Masters of hematology and oncology: Father of tamoxifen a Brit to the core

Publication
Article
Oncology NEWS InternationalOncology NEWS International Vol 17 No 5
Volume 17
Issue 5

V. Craig Jordan, OBE, PhD, DSc, widely known as “The Father of Tamoxifen,” collects the artifacts of war: guns and swords and medals (see photographs).

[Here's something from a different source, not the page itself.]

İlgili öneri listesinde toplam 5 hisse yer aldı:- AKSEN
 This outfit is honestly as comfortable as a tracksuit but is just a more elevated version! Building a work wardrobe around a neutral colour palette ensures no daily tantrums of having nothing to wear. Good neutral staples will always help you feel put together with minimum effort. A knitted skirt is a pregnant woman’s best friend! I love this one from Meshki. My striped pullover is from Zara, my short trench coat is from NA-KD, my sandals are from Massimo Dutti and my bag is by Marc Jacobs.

V. Craig Jordan, OBE, PhD, DSc, widely known as “The Father of Tamoxifen,” collects the artifacts of war: guns and swords and medals (see photographs). In fact, in his younger years, he served in the elite SAS (Special Air Service) unit of the British Army. Speaking with ONI at his office at Fox Chase Cancer Center in Philadelphia, Dr. Jordan reminisced about his maternal grandfather, an old army officer who railed against the evils of war, but told young Craig to be prepared-war will come again.

Sitting below a picture of himself and Princess Diana, Dr. Jordan cocked his wrist, offering the regimental motto on his cufflinks: “Who Dares Wins.”

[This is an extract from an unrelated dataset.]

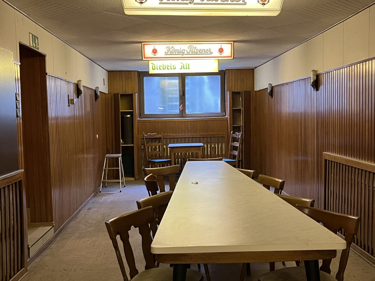 Der einseitig angebaute Baukörper verfügt über ein ausgebautes Satteldach und einen zweigeschossigen Anbau mit Flachdach und ist voll unterkellert. Im Erdgeschoss befindet sich die ehemalige Gaststätte (ca. 86 m²) mit großem Gastraum, Küche, getrennten WCs und direktem Zugang zu Terrasse und Garten. Das Obergeschoss bietet eine helle 3-Zimmer-Wohnung (ca. 90 m2) mit Balkon, Wohn- und Essbereich, Schlafzimmer, Kinder- oder Arbeitszimmer, Küche und Bad. Im Keller lädt eine Kegelbahn zur Freizeitgestaltung ein. Zusätzlich gibt es einen massiv errichteten Abstellschuppen mit zwei Räumen und Toiletten, einen Carport für mehrere Fahrzeuge sowie weitere Stellplätze vor dem Haus. Ideal für Wohnen, Arbeiten oder Freizeit, ein Objekt mit vielfältigen Möglichkeiten. -

“I was born in New Braunfels, Texas, in 1947 to an American father from Dallas and an English mother. Their marriage didn’t last, and my mother took me back to Cheshire, England,” Dr. Jordan said. Cheshire, a rural county of verdant hills in northwest England, is where Dr. Jordan’s mother grew up; her lineage in the region reaches back to the 12th century.

If being uprooted from the brash heat of Texas to the mossy remnants of heraldic England was unsettling, Dr. Jordan gave no hint of it. In fact, he relished the opportunity of dual nationality, after being adopted by his English stepfather, from whom he took the name Jordan.

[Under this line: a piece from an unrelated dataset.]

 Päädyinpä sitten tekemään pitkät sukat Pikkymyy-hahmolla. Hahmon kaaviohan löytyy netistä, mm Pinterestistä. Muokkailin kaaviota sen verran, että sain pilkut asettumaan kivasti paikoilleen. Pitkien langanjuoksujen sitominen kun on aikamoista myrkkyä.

By the age of 12, Craig Jordan was fascinated by chemistry. “My mother let me set up my bedroom as a chemistry laboratory. I had free access to my school’s lab, and the town pharmacist sold me whatever agents or chemicals I wanted. Of course, nothing I was doing would be allowed today,” he said with a laugh.

In his pursuits, the young chemist set the curtains ablaze, killed the family lawn, then turned it bright blue with an experiment designed to revive it to its natural green. Caution aside, there was an underlying motive to his breakneck explorations.

“I had a passion to use chemical reactions to synthesize medicines. By the time I was 17, I was solidifying my ideas around the possibilities of science,” Dr. Jordan said. He reflected a moment and said, “But still, I wasn’t certain that I wanted to go to the university.”

A grandfather’s influence

Dr. Jordan’s grandfather was an officer in both world wars. He described him as a forthright person, born of a different age-a great influence on a young man chasing dreams. Listening to Dr. Jordan you can picture his grandfather’s stiff upper lip, the rock-solid chin.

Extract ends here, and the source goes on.